Cohort studies are longitudinal studies in which the researcher follows a group of individuals who share a common characteristic (e.g., age, occupation) over time to monitor the occurrence of a particular health outcome. 19 The study begins with the selection of a group of individuals who are initially free of the disease or health outcome of interest (the “cohort”). The cohort is then divided into two or more groups based on their level of exposure (for example, those who have been exposed to a certain risk factor and those who have not). 19 Participants are then followed up, and their health outcomes are tracked over time. The incidence of the health outcome is compared between exposed and non-exposed groups, and the relationship between exposure and the outcome is quantified using statistical methods. 19 Cohort studies can be prospective or retrospective (Figure 3.4). 20 In a prospective cohort study, the researchers plan the study so that participants are enrolled at the start of the study and followed over time. 20, 21 In a retrospective cohort study, data on exposure and outcome are collected from existing records or databases. The researchers go back in time (via available records) to find a cohort that was initially healthy and “at risk” and assess each participant’s exposure status at the start of the observation period. 20, 21 Cohort studies provide an understanding of disease risk factors based on findings in thousands of individuals over many years and are the foundation of epidemiological research. 19 They are useful for investigating the natural history of a disease, identifying risk factors for a disease, providing strong evidence for causality and estimating the incidence of a disease or health outcome in a population. However, they can be expensive and time-consuming to conduct. 15 An example of a cohort study is the study by Watts et al, 2015 which investigated whether the communication and language skills of children who have a history of stuttering are different from children who do not have a history of stuttering at ages 2–5 years. 22 The findings revealed that children with a history of stuttering, as a group, demonstrated higher scores on early communication and language measures compared to their fluent peers. According to the authors, clinicians can be reassured by the finding that, on average, children who stutter have early communication and language skills that meet developmental expectations. 22

Figure 3.4 Cohort Studies by Bunmi Malau-Aduli and Faith Alele, used under a CC BY NC 4.0 licence

Experimental Study Designs (Interventional studies)
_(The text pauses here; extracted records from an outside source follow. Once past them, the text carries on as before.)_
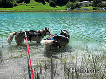 Passando ancora una volta i luoghi intanto popolati delle grigliate, abbiamo presto raggiunto di nuovo Brigels. Solo che questa volta siamo andati direttamente al parcheggio. Così si ha una bella vista sul lago artificiale dove ho fatto il bagno finale alle mie 2 ragazze.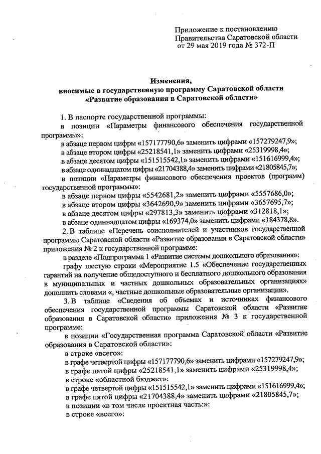 Постановление Правительства Саратовской области от 29.05.2019 N 372-П "О внесении изменений в государственную программу Саратовской области "Развитие образования в Саратовской области"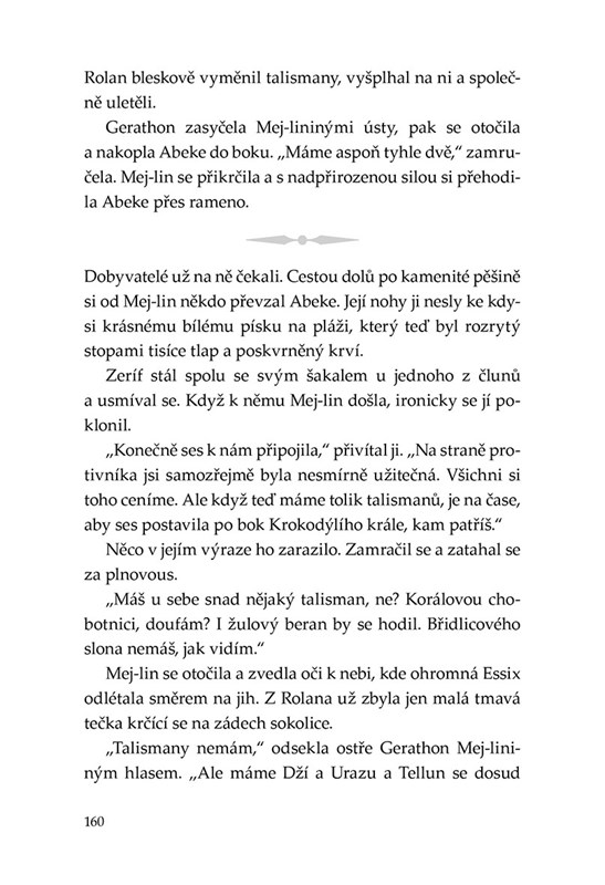 Ostrovní země vypadá jako ráj na zemi. Přestože je zalitá sluncem, další cesta se zdá být zahalená stíny. Při pátrání po talismanech, které nesmějí padnout do rukou nepřátel, už Conor, Abeke, Mej-lin a Rolan procestovali celý svět. Na každé výpravě je však jejich pronásledovatelé dostihli, jako by věděli, kde je najít. Nyní se přátelé dozvídají proč.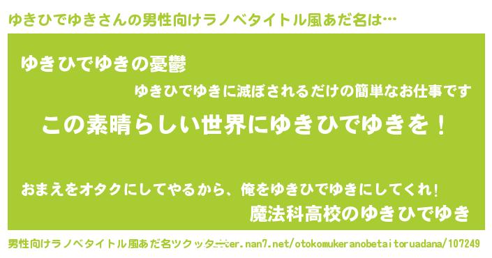 | 女子向けラノベタイトル風あだ名 | 『悪役ゆきひでゆきに転生したようですが、知った事ではありません』 |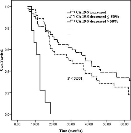 In addition, our study also assessed preoperative to postoperative CA19-9 alterations on survival. CA19-9 alterations could indirectly predict the disease evolution and increased postoperative CA19-9 is a reflection of tumor recurrence. Our results demonstrated that patients with increased postoperative CA19-9 tend to have poor survival outcome. Thus, attentions should also be paid on the preoperative to postoperative CA19-9 alterations so as to better predict the survival and tumor recurrence after surgery.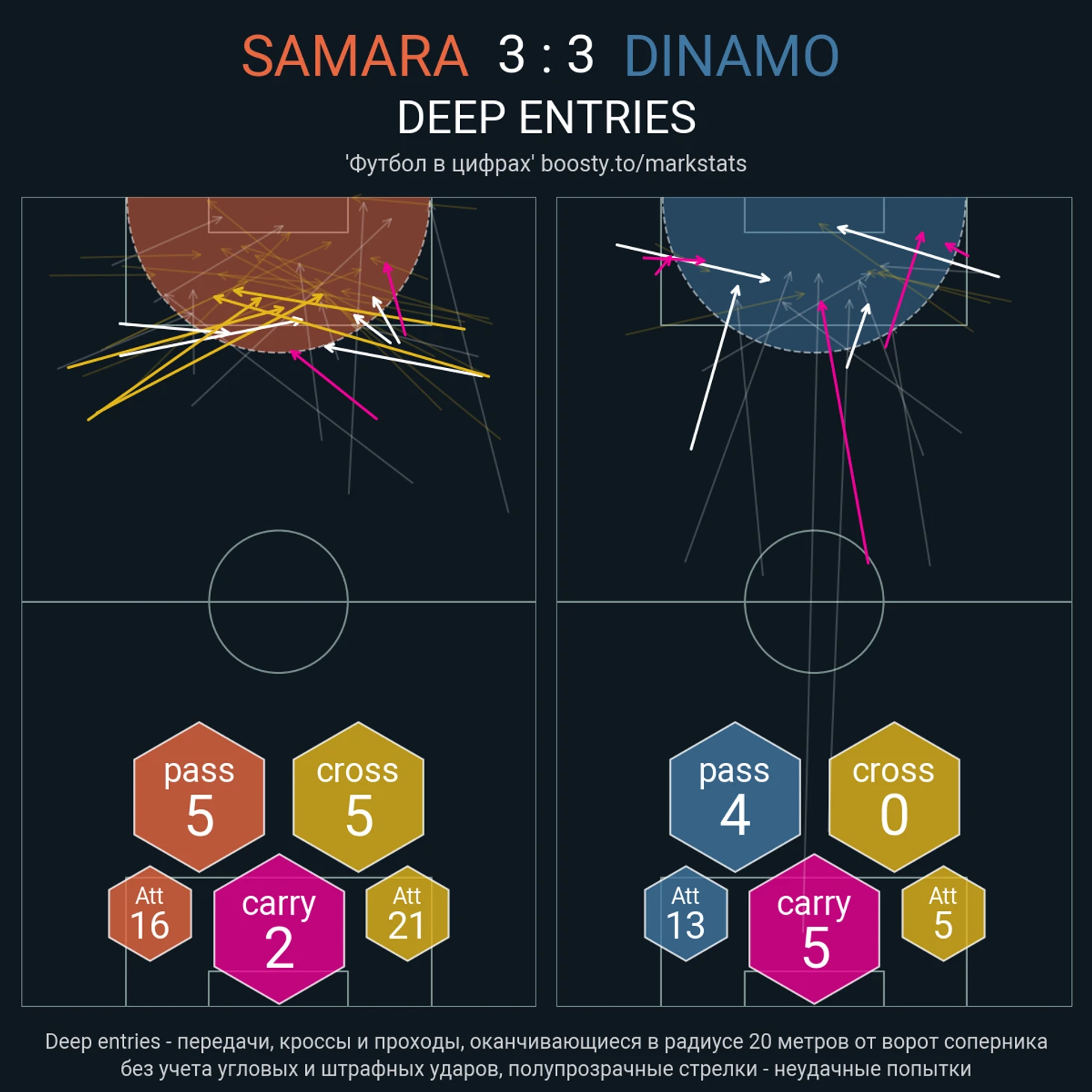Осинькин выпустил Бабкина и более чётко разделил роли в центре поля: Сергей опускался к защитникам и участвовал в начальной фазе атак, а Костанза окончательно перешёл на позицию восьмёрки с постоянными подключениями в штрафную. Самарцы наседали всё сильнее и в итоге смогли уйти от поражения. Пожалуй, закономерный итог матча. В игре «Динамо» всё больше видны тренерские идеи, но матч-менеджмент был полностью провален.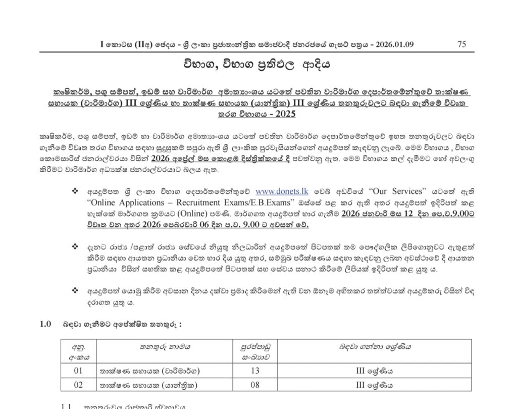 According to the government gazette dated January 9, 2026, applications are now invited from qualified Sri Lankan citizens for the following posts: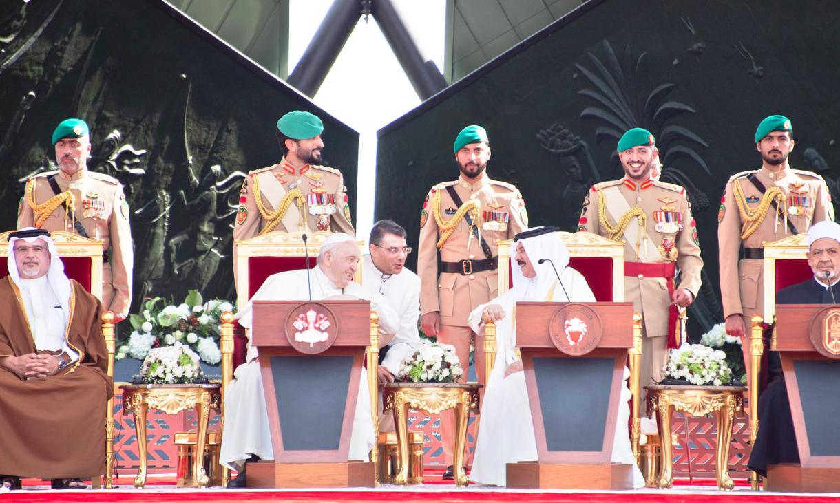 സഖീർ പാലസിലെ മെമ്മോറിയൽ ചത്വരത്തിൽ നടന്ന ബഹ്റൈൻ ഡയലോഗ് ഫോറത്തിന്റെ സമാപന ചടങ്ങിൽ രാജാവ് ഹമദ് ബിൻ ഈസ ആൽ ഖലീഫക്കൊപ്പം ഫ്രാൻസിസ് മാർപാപ്പയും അൽ അസ്ഹർ ഗ്രാൻഡ് ഇമാം ഡോ. അഹ്മദ് അൽ ത്വയ്യിബും കിരീടാവകാശിയും പ്രധാനമന്ത്രിയുമായ പ്രിൻസ് സൽമാൻ ബിൻ ഹമദ് ആൽ ഖലീഫയും പങ്കെടുത്തു. റോയൽ ബഹ്റൈനി എയർഫോഴ്സിന്റെ രണ്ട് ഹെലികോപ്ടറുകൾ ബഹ്റൈന്റെയും വത്തിക്കാന്റെയും ദേശീയപതാകകളേന്തി ആകാശത്ത് വട്ടമിട്ടുപറന്ന് അതിഥികൾക്ക് ആശംസകൾ അറിയിച്ചു. ഹമദ് രാജാവും മാർപാപ്പയും ഗ്രാൻഡ് ഇമാമും ചത്വരത്തിലെ ഈന്തപ്പനയുടെ ചുവട്ടിൽ വെള്ളമൊഴിച്ച് ശുഭപ്രതീക്ഷകളുടെ സന്ദേശം പകർന്നു.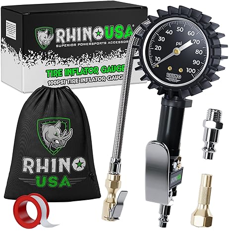 Rhino USA Tire Pressure Gauge with Inflator (0-100 PSI) - Heavy Duty Air Chuck and Compressor Accessories with Stainless Braided Hose, Large Analog Dial and Solid Brass Hardware for Truck and RV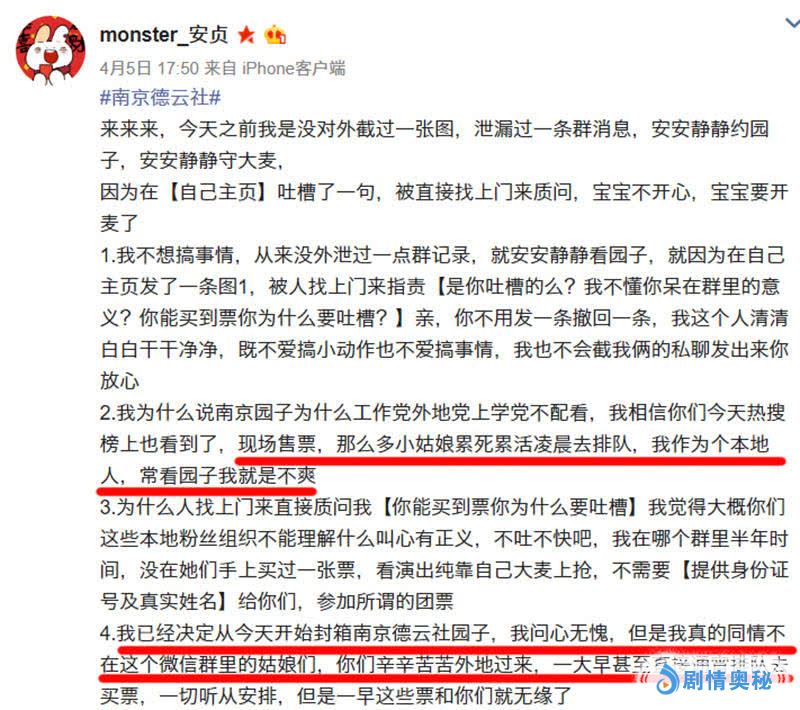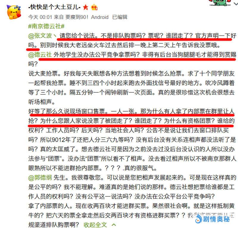 从4月5日晚间,几位网友先后在微博平台公开指责南京德云社园子,称其在门票销售上有不公平之嫌,微博网友“monster_安贞”首先提出质疑,称作为本地人,看不惯很多外地小姑娘为了看张云雷演出,累死累活凌晨去排队,结果却根本买不到票。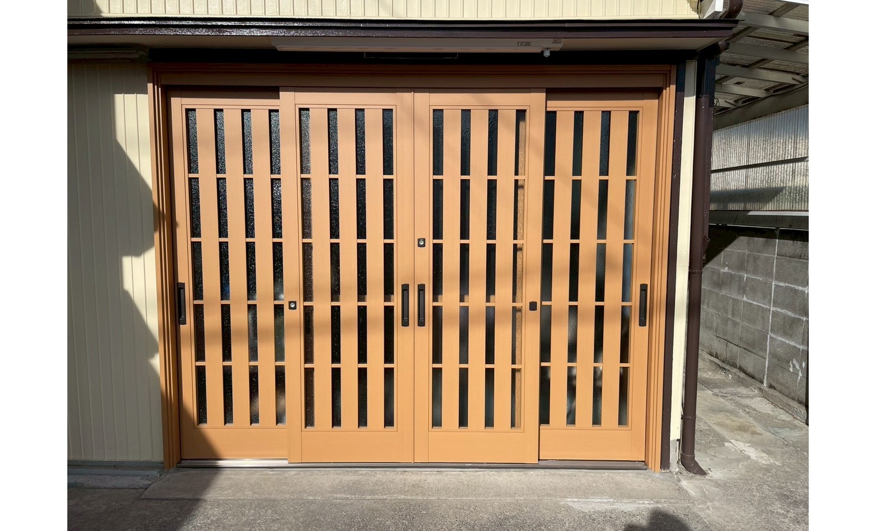 サイズが大きかったため4枚引き戸のドアを選定し、カバー工法(外壁の開口をいじらない方法)で行ったため、工期も1日で完成できました。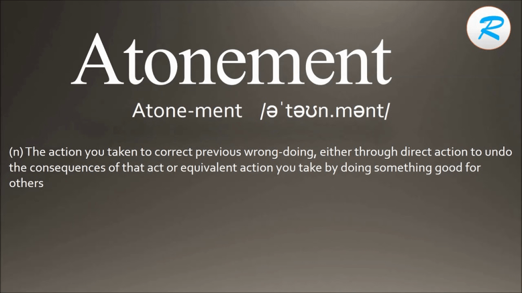 Atonement is a hard concept to define for readers. It is a form of ritual reconciliation, which is restoring a relationship that has been damaged. Theologically, atonement means bringing reconciliation between people and God.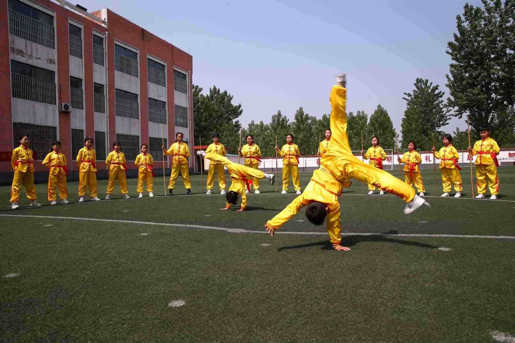 近年來(lái),臨沂市蘭陵縣韓塘小學(xué)將傳統(tǒng)武術(shù)引進(jìn)校園,選擇武術(shù)操作為“陽(yáng)光大課間”特色項(xiàng)目,組建社團(tuán)進(jìn)行武術(shù)訓(xùn)練,在豐富學(xué)生課余生活、提高身體素質(zhì)的同時(shí),傳承傳統(tǒng)武術(shù)文化。視覺(jué)中國(guó)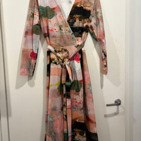 Ihana vähän käytetty Papun mekko. 95% luomupuuvilla 5% elastaania. Pyöristetty helma ja pitkä, menee noin pohkeeseen. Ilmalassa.

Experimental studies involve manipulating one or more variables in order to measure their effects on one or more outcomes. 23 In this type of study, the researcher assigns individuals to two or more groups that receive or do not receive the intervention. Well-designed and conducted interventional studies are used to establish cause-and-effect relationships between variables. 23  Experimental studies can be broadly classified into two – randomised controlled trials and non-randomised controlled trials. 23 These study designs are discussed below:

  • Randomised Controlled Trial

Randomised controlled trials (RCTs) are experimental studies in which participants are randomly assigned to the intervention or control arm of the study. 23 The experimental group receives the intervention, while the control group does not (Figure 3.5). RCTs involve random allocation (not by choice of the participants or investigators) of participants to a control or intervention group (Figure 3.5). 24  Randomization or random allocation minimises bias and offers a rigorous method to analyse cause-and-effect links between an intervention and outcome. 24 Randomization balances participant characteristics (both observed and unobserved) between the groups. 24 This is so that any differences in results can be attributed to the research intervention. 24 The most basic form of randomisation is allocating treatment by tossing a coin. Other methods include using statistical software to generate random number tables and assigning participants by simple randomisation or allocating them sequentially using numbered opaque envelopes containing treatment information. 25 This is why RCTs are often considered the gold standard in research methodology. 24 While RCTs are effective in establishing causality, they are not without limitations. RCTs are expensive to conduct and time-consuming. In addition, ethical considerations may limit the types of interventions that can be tested in RCTs. They may also not be appropriate for rare events or diseases and may not always reflect real-world situations, limiting their application in clinical practice. 24  An example of a randomised controlled trial is the study by Shebib et al., 2019 which investigated the effect of a 12-week digital care program (DCP) on improving lower-back pain. The treatment group (DCP) received the 12-week DCP, consisting of sensor-guided exercise therapy, education, cognitive behavioural therapy, team and individual behavioural coaching, activity tracking, and symptom tracking – all administered remotely via an app. 26 While the control group received three digital education articles only. The findings of the study showed that the DCP resulted in improved health outcomes compared to treatment-as-usual and has the potential to scale personalised evidence-based non-invasive treatment for patients with lower-back pain. 26


Figure 3.5 Schematic of experimental studies- randomised control trials by Bunmi Malau-Aduli and Faith Alele, used under a CC BY NC 4.0 licence
  • Non-randomised controlled design (Quasi-experimental)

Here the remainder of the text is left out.